Tra sostenibilità e innovazione

Conquiste del Lavoro MAGAZINE – Anno 2025 – 24 Giugno
A colloquio con l’ingegner Paolo Sormani, Amministratore Delegato e Direttore Generale della Fondazione Policlinico Universitario Campus Bio-Medico
Ingegner Sormani, come commenta la sua recente riconferma alla guida del Policlinico Campus Bio-Medico per un altro triennio?
È un segno di fiducia di cui sono profondamente grato e, al tempo stesso, una grande responsabilità. Nel corso degli anni abbiamo cercato di rendere sempre più concreto il nostro impegno, con l’obiettivo di unire scienza e attenzione alla persona, tecnologia e prossimità, cura e ricerca.

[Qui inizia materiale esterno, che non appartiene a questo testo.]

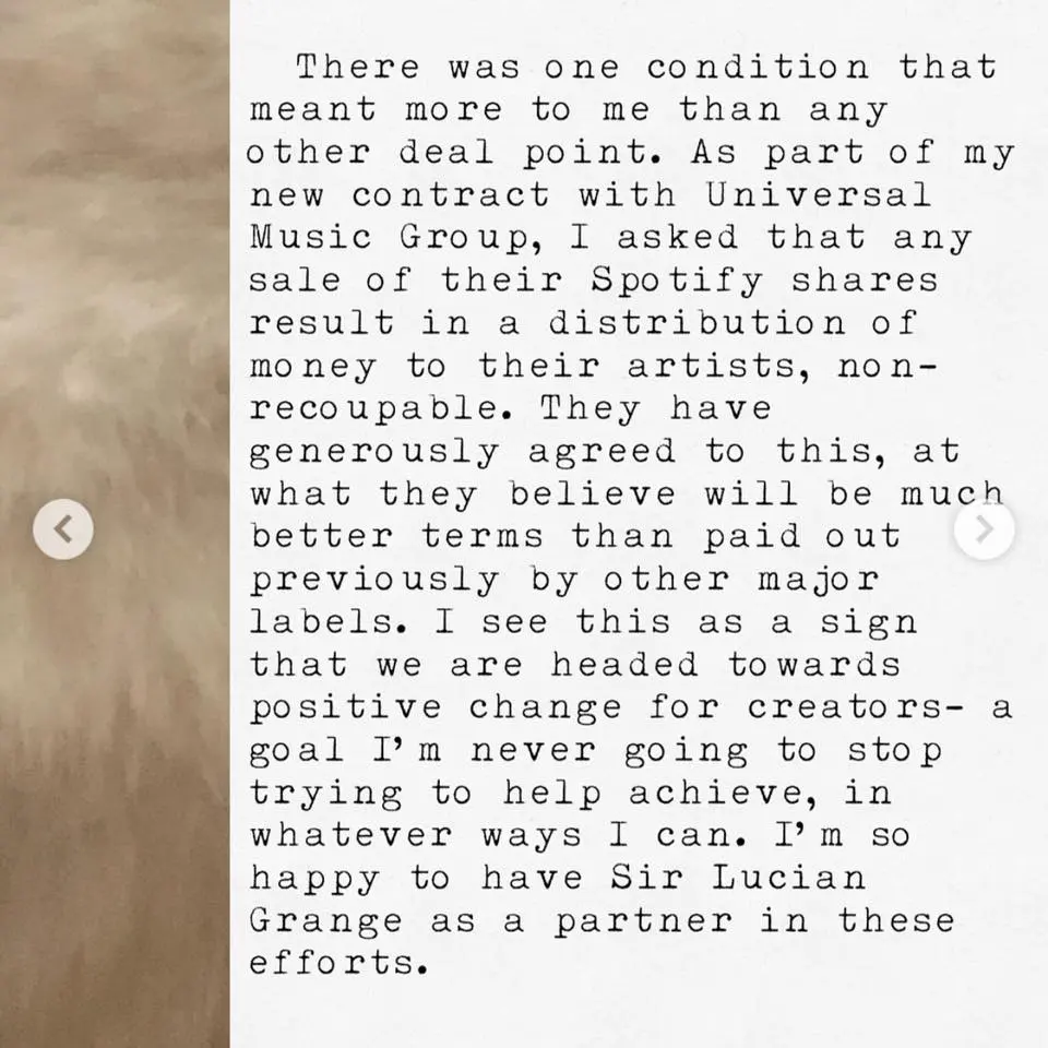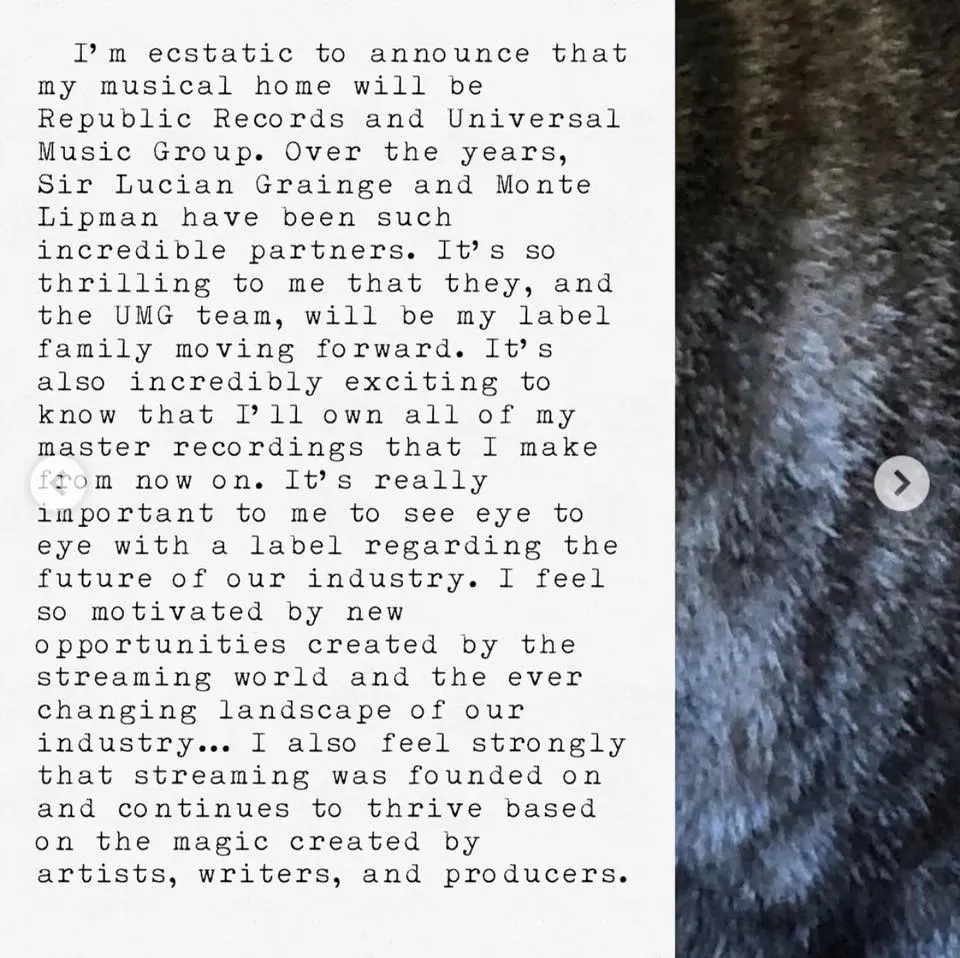 Taylor Swift ย้ายค่ายอย่างเป็นทางการ โดยเธอไปอยู่ภายใต้ชายคาของ Republic Records และ Universal Music Group ซึ่งหนึ่งในสาเหตุที่เธอตกลงปลงใจกับUMGคือ พวกเค้าเห็นด้วยกับเธอ เรื่องเรียกร้องส่วนแบ่งของศิลปินหน้าใหม่จากยอดสตรีมบน Spotify

Da dove ripartirà in questo suo rinnovato incarico?
La Fondazione Policlinico Universitario Campus Bio-Medico è oggi un presidio sanitario e scientifico che ha saputo crescere mantenendo intatta la propria identità, saldamente radicata in una visione che mette al centro la dignità dell’essere umano. Grazie al contributo degli oltre 1.900 colleghi, continueremo a promuovere qualità dell’assistenza medica a favore dei più fragili. È da qui che riparte il nostro lavoro.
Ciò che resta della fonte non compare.